On a side note, it appears there is a freeze on Sale Administration jobs, right now, here in California. With current projects needing MAJOR revisions, and the timber industry not wanting tiny trees, we’ve reached a true gridlock on forest restoration.

8 thoughts on “Forest Service Buyouts?”

  1. So, Sharon, just a question, and I’m not trying to be facetious (well, OK, maybe just a tiny bit): When did “logging” and “restoration” become synonymous?

    And a general question for everyone: Are there ways to pursue restoration besides logging?

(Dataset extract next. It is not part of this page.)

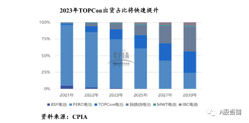 由于TOPCon電池經(jīng)濟(jì)性更強(qiáng),一體化組件龍頭企業(yè)及專業(yè)化電池企業(yè)紛紛快速擴(kuò)產(chǎn),并有望于2023年實(shí)現(xiàn)出貨量快速增長(zhǎng)。據(jù)CPIA預(yù)測(cè),2023年TOPCon出貨占比將實(shí)現(xiàn)翻倍增長(zhǎng)。預(yù)計(jì)2023年全行業(yè)TOPCon電池組件出貨將達(dá)到100-150GW。

    • Restoration may require prescribed fire, culvert removal, noxious weed control, road obliteration, stream channel improvements, and so on. Depends on what is being restored. In the South, it often includes thinning of tree stands that have been subjected to long-term fire exclusion. If the trees can be sold, it’s a good way to pay for some of the other work that can be quite costly.

  2. When today’s logging in Region 5 eliminates clearcutting and highgrading, as it was, here in California, I consider that to be “restoration”. Thinning projects that cut trees with an average diameter of 14-15″ dbh were intolerable to both eco-groups, AND Judges. The idea of “passive restoration” has been forced upon the Sierra Nevada, and I predict we will see a return to HUGE “unnatural” firestorms in the Sierra Nevada. Since the Forest Service cannot do prescribed burns “out of prescription”, or on a no-burn day, options have become quite limited. The California State Board of Air Resources routinely gives Sierra Pacific Industries a “waiver” for doing their burning but, they never give one to the Forest Service.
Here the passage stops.